The Odd Nostalgia of a New “Catch-22”

Christopher Abbott and other soldiers stand in formation.
Christopher Abbott as the U.S. Army bombardier John Yossarian in Hulu’s six-part series “Catch-22,” based on Joseph Heller’s novel.Photograph by Philippe Antonello / Hulu

“Catch-22,” on Hulu, based on Joseph Heller’s novel, stars Christopher Abbott as John Yossarian, a U.S. Army bombardier whose serial failures to escape the Second World War exemplify the madness of combat, military bureaucracy, and everything else. The fame of the title, of course, has outlived the renown of the book. The catch, as the squadron physician explains to the protagonist, is that, although a flier can be grounded if he is crazy, to announce oneself to be crazy is to demonstrate one’s sanity. The show—which is written by Luke Davies and David Michôd, and has episodes directed by George Clooney, Grant Heslov, and Ellen Kuras—dramatizes this defining paradox, and many subsidiary ironies, with a warm absurdism.

The six episodes of the series streamline the plot of the novel and straighten out its achronological story line, with the exception of an early flash-forward to Yossarian’s climactic descent into weirdness. After witnessing the death of an eighteen-year-old making his first sortie, Yossarian emerges naked from his B-25. His blood-streaked body moves down the tarmac as if he has passed through fear and pain into a staggered serenity.

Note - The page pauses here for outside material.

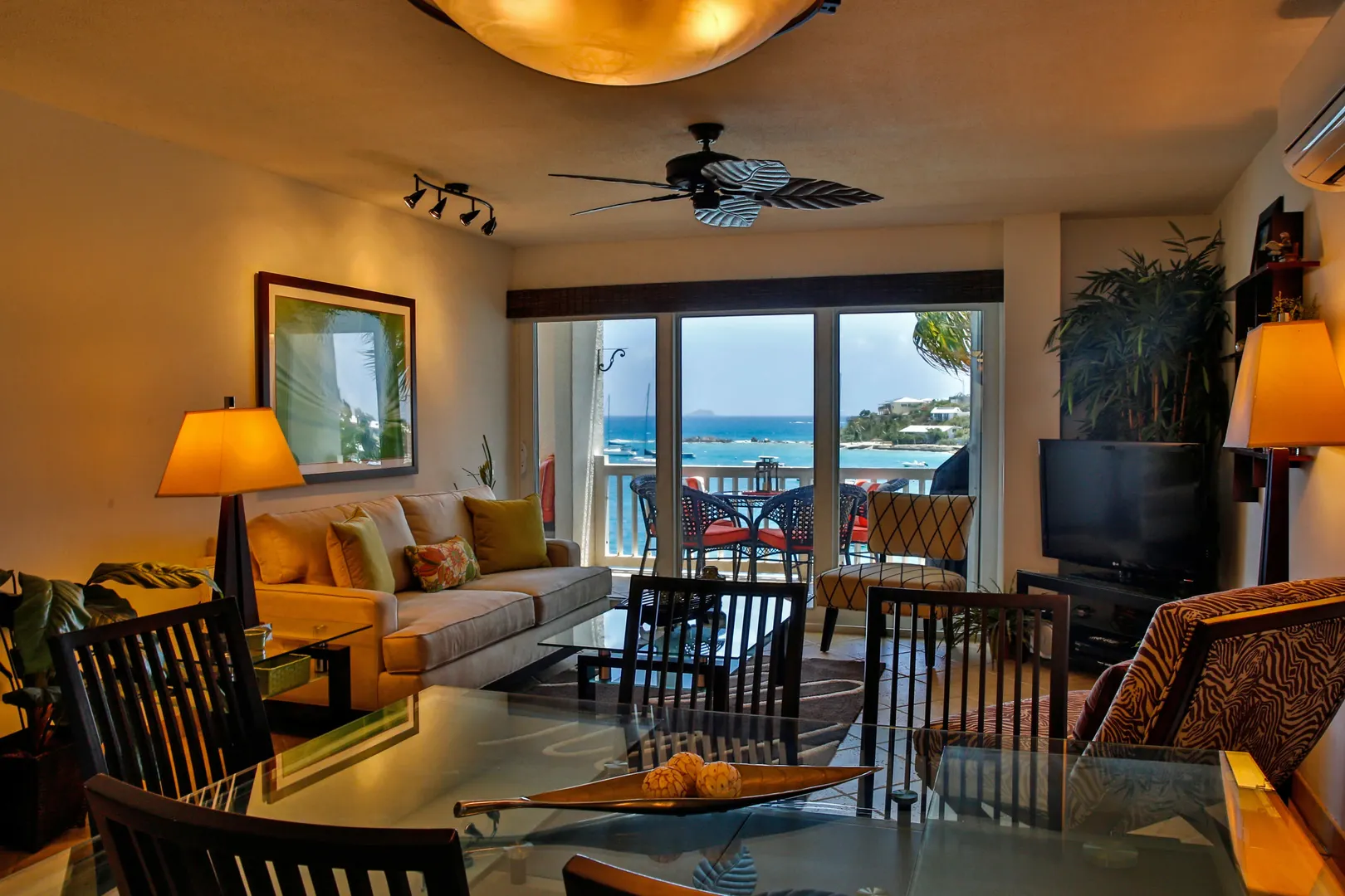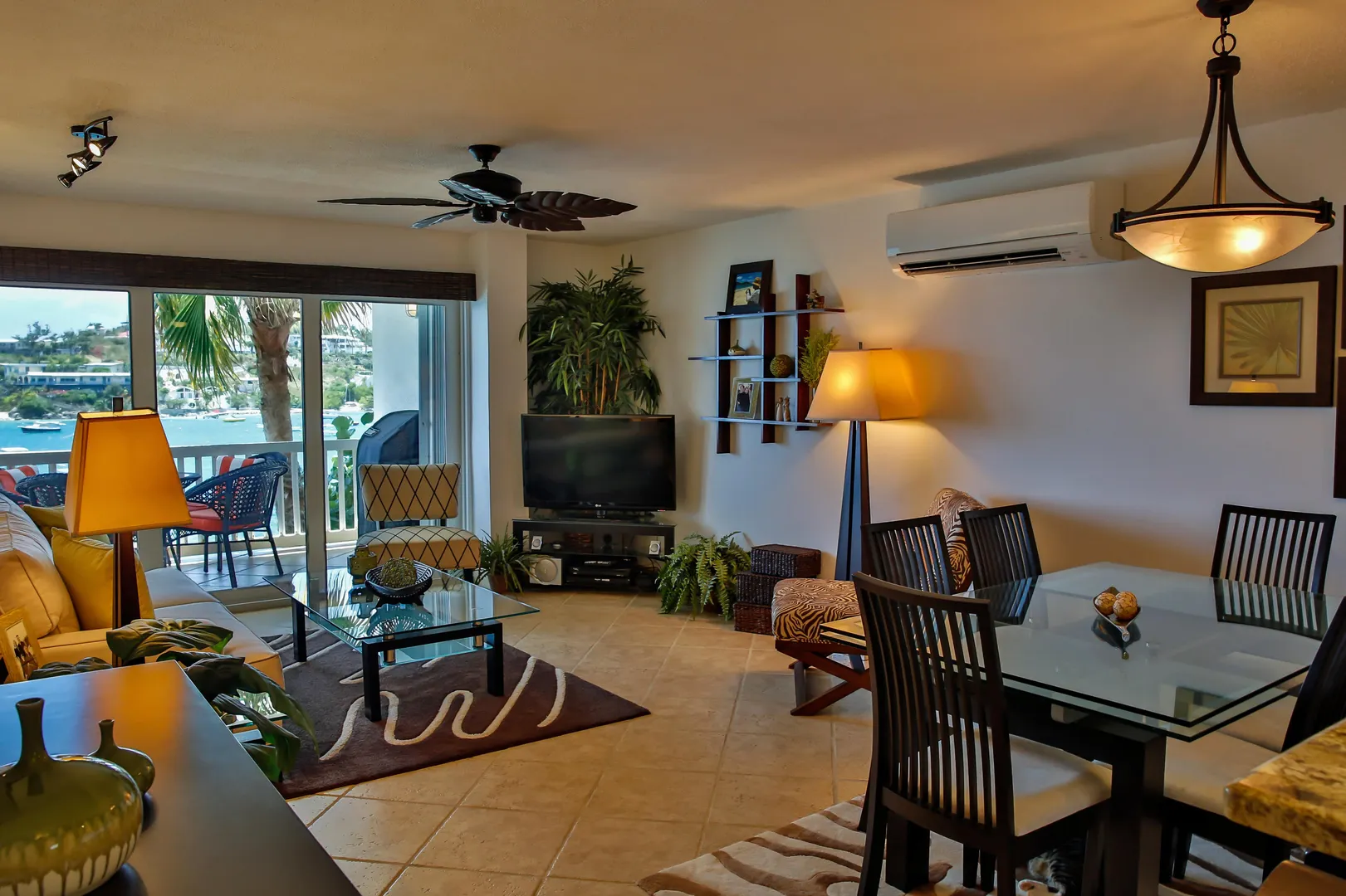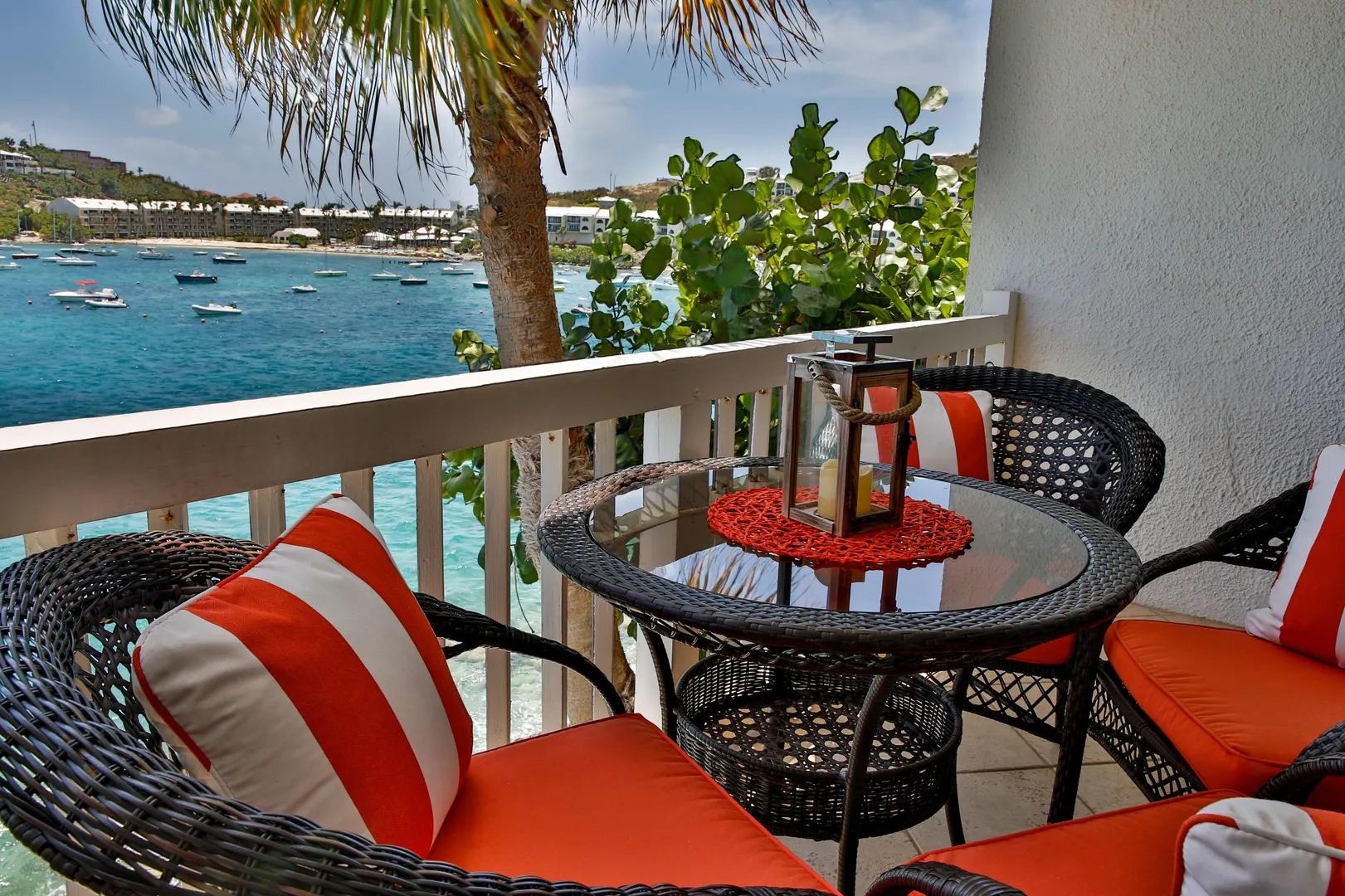 Exceptional style and an exceptional location, this 2/2 waterfront Cowpet condo offers a new level in condo living. Its location above the soothing sounds of the bay below offers privacy and expansive views of Cowpet Bay, the Caribbean Sea and St James Islands. Thoughtfully designed and remodeled with meticulously selected finishes, it features fine Italian tiles, custom cabinetry and granite throughout, new SS kitchen appliances and front load washer/dryer. It sustained no hurricane damage and is beautifully furnished with contemporary furnishings, custom window treatments, and top of the line fixtures and fans throughout. Enjoy the sound of the sea below, or grab your towel and take the short walk to the beach where you will find beach chairs, a restaurant and pool privilegesat Cowpet Beach Resort with annual membership. All this and you are just 5 minutes from all the amenities of Red Hook, marinas, restaurants, watersports and minutes to a number of other gorgeous beach options. The complex has its own dedicated generator with auto switch providing power to the condos during an outage. A complete list of features and upgrades is included under Documents

The story really begins at Santa Ana Army Air Base, where Yossarian attends flight-training school. Clooney plays Scheisskopf, who will be promoted to general before the story is over but begins as Yossarian’s training commander. In this role, Clooney deploys his gifts for lunatic spurting and wild-eyed frothing—the angry clowning familiar from the Coen brothers’ films. Yossarian is having a romance—somewhere between a fling and an indelible reverie—with Scheisskopf’s platinum-blond wife (Julie Ann Emery), who is like the bombshell on the nose cone of the young man’s futile dreams of ease. It’s a bit cloying, the way the golden light graces the bedsheets of their cuckoldry, but the sweetness is of a piece with the show’s M.O.

Yossarian joins his squadron in the war’s Mediterranean Theatre, where there are German targets to bomb, Italian prostitutes to lose their heads over, and loads of American exceptionalism undergirding the bellicosity of their leader, Colonel Cathcart (Kyle Chandler). Of the men serving alongside Yossarian—a gallery including apple-cheeked optimists, hardened fatalists, thoughtless jingoists, and boys whose disposition we have no chance to learn, because they are immediately destroyed—the most memorable is Milo Minderbinder (Daniel David Stewart). I wish we spent a bit more time exploring the connivances of Milo, as he parlays his position as a mess officer into great status as a war profiteer, but this miniseries already feels at least one episode too long.

Planes go down. The number of required missions goes up. The level of existential and administrative nonsense remains steady. The adaptation is often rote and merely serviceable. Some scenes are inspired in their brutality, but this “Catch-22” seems, incongruously, to want to inspire its audience. There is an odd sense of romance—a glory beneath the gruesomeness—in its portrait of the paradise that so many of these young men are doomed to lose. The flight scenes have an exhilarating majesty to them that, now and then, evokes the flyboy epics that inspired “Star Wars.” At rest, romping on the beach in swimsuits, the men seem to have emerged from a Life-magazine beefcake spread. The color palette, defined by khaki uniforms, brown earth, and the yellow glare of a hard sun, creates a sense that we are watching the whole thing sink into sepia, as if the show were nostalgic for the insanities of yesteryear.